Wilsey heeded part of that advice but turned the rest of it on its head.

In 2014, Wilsey left Cardspring just before it was acquired by Twitter and started the Grace Science Foundation to fund research into NGLY1 deficiency. The foundation has committed $7 million to research since then, most of it raised from the Wilseys’ personal network.

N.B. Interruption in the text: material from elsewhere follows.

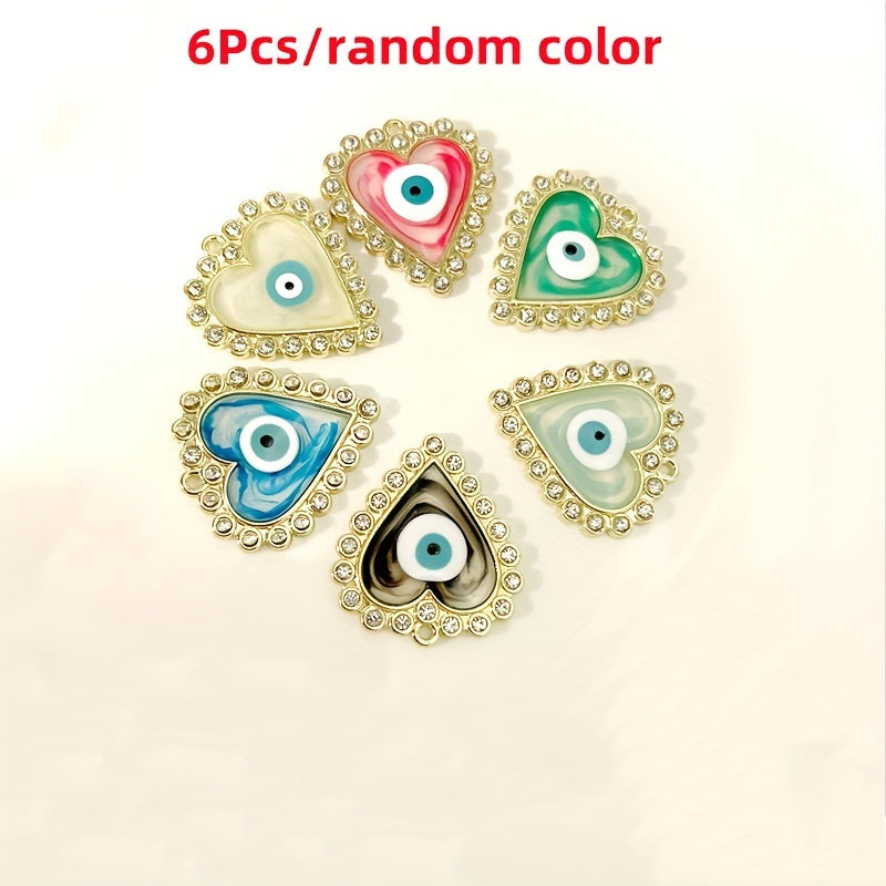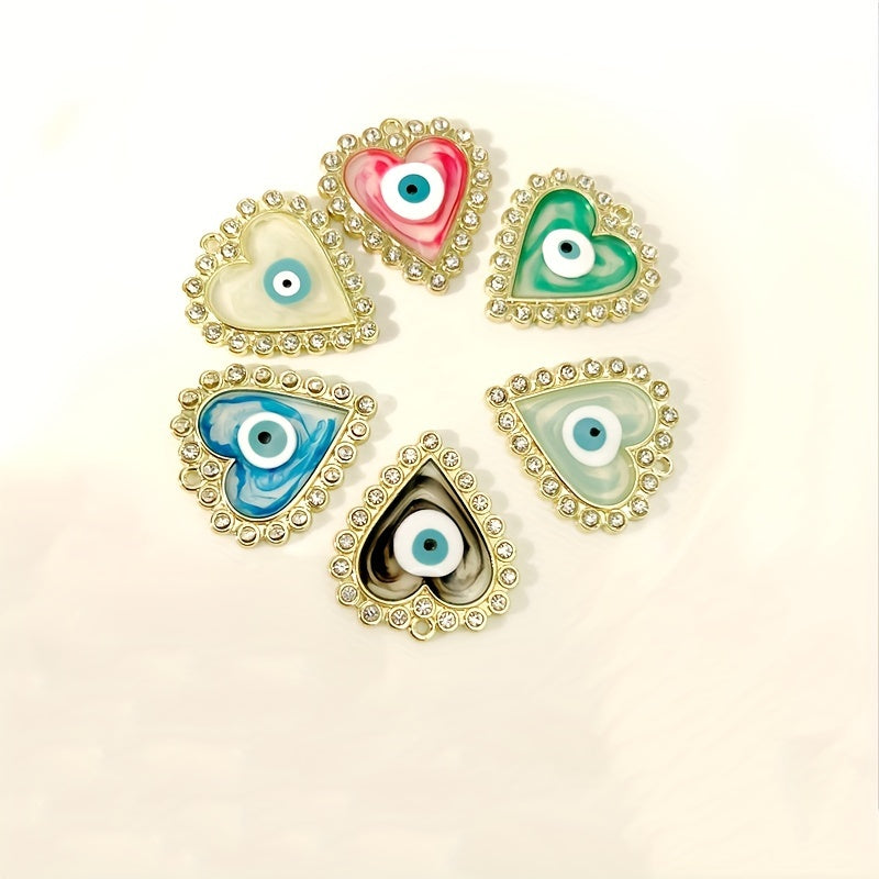 Get these random enamel style evil eye heart shape pendants for your DIY earrings, bracelet, or necklace projects. Add a unique touch to your jewelry creations.

Many other families with sick loved ones have started foundations, and some have succeeded. In 1991, for instance, a Texas boy named Ryan Dant was diagnosed with a fatal muscle-wasting disease called mucopolysaccharidosis type 1. His parents raised money to support an academic researcher who was working on a cure for MPS1; a company agreed to develop the drug, which became the first approved treatment for the disease in 2003.

But unlike Dant, Grace had a completely new disease. Nobody was researching it. So Wilsey began cold-calling dozens of scientists, hoping to convince them to take a look at NGLY1 deficiency; if they agreed to meet, Wilsey read up on how their research might help his daughter. Eventually he recruited more than 100 leading scientists, including Nobel Prize-winning biologist Shinya Yamanaka and Carolyn Bertozzi, to figure out what was so important about N-glycanase. He knew that science was unpredictable and so distributed Grace Science’s funding through about 30 grants worth an average of $135,000 apiece.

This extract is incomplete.